I appreciate your replies - didn't think anyone would comment on it.  I checked out that link about DCOM permissions and decided to try it out.  I went to Component Manager, the properties of My Computer, and changed all 4 options below by adding "Everyone" with full rights.  I did not have an Install* service to restart, though.
COM Settings - My Computer
Once done, I re-deployed, then re-ran the same program/advertisement.  Unfortunately, it still failed.  

As far as re-packaging, I know how to use apps which take a snapshot, allow you to install, take another snapshot, then make an MSI from the changes (like EMCO MSI Wizard -; but don't believe them to be that stable - especially for deployment to thousands of systems.  Is that what you are talking about?

Besides that, I have Advanced Installer, but that's about it.  Waiting on approval for Flexera purchase, but don't think it will be here in time.

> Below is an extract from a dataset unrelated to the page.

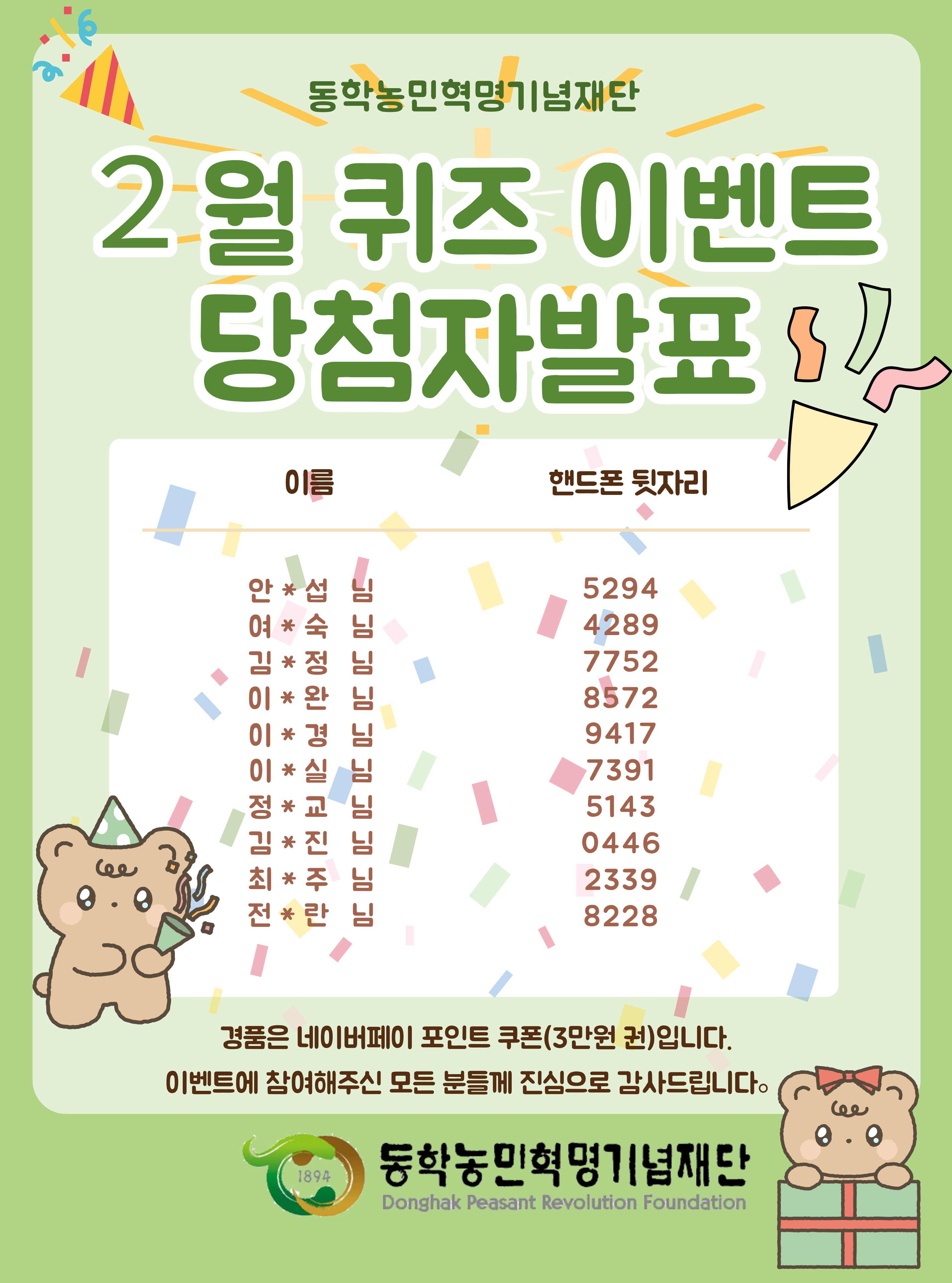 동학농민혁명기념재단 ㅣ 사업자정보확인 404-82-08587 ㅣ 통신판매업신고 2023-전북정읍-0046호

Attached are the two full log files I took snippets from above.  One is from the successful install without updates and the other the failed one with updates.  (Still haven't spent time to see which update it may be.)  The successful one is a bit longer.  Only the top part can really be compared, though.  Hopefully that will help.

Any more suggestions are appreciated!  Thanks!
LVL 40

Accepted Solution

Vadim Rapp earned 500 total points
ID: 39697034
Regarding repackaging, in this case it's not that hard. Snapshots come into picture when the installation is not MSI-based at all. In this case it is MSI-based, so basically all that is required is to throw away all Installscript-related custom actions. Depending on what they do, maybe need to replace them with non-Installscript-based ones. In most cases there's nothing to replace.

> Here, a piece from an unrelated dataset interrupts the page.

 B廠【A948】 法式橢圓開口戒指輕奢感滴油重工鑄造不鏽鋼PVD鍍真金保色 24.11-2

As brute force, I would simply remove the custom action that fails and saw what happens. Chances are, nothing wrong will.

If you are willing, upload your installation to some hosting place, and I'll see if I can convert it into pure MSI. For free, just to stay in shape :-)
LVL 59

Expert Comment

ID: 39745017
I've requested that this question be deleted for the following reason:

Not enough information to confirm an answer.

Author Closing Comment

ID: 39745018
Thanks for offer.  I have apps that will create MSI via installation too, but don't trust them to be stable for a mass (thousands of workstation) deployment.  Finally got newer app version.
LVL 40

Expert Comment

by:Vadim Rapp
ID: 39745084
> but don't trust them to be stable for a mass (thousands of workstation) deployment

There are two remedies to this.

One is so called ICE validation. MSI-authoring tools are usually capable of it, including free ORCA that comes from Microsoft. Validation finds potential issues, and many of them are very nontrivial. It takes into account roaming scenarios, terminal server scenarios, and much more. There are separate validation sets that analyze for conformity to newest Windows standards.

Another is the tool in Wise Packaging Studio that allows to perform pilot deployment on set of workstations, and have them report the results to the centralized server. Then you analyze the results and see what happened where. The same Wise Packaging Studio also allows to create centralized database of all MSI installations in the enterprise, and analyze new installation for potential conflicts with existing ones (conflicting DLL's etc.). Yet another component allows to run the full "lifecycle" of the installation, including running the product itself, checking all shortcuts, checking if anything is left under uninstallation, and more.

When properly set up and used, all this provides for quite solid QA. Installshield has similar tool, Admin Studio, but it's not as extensive.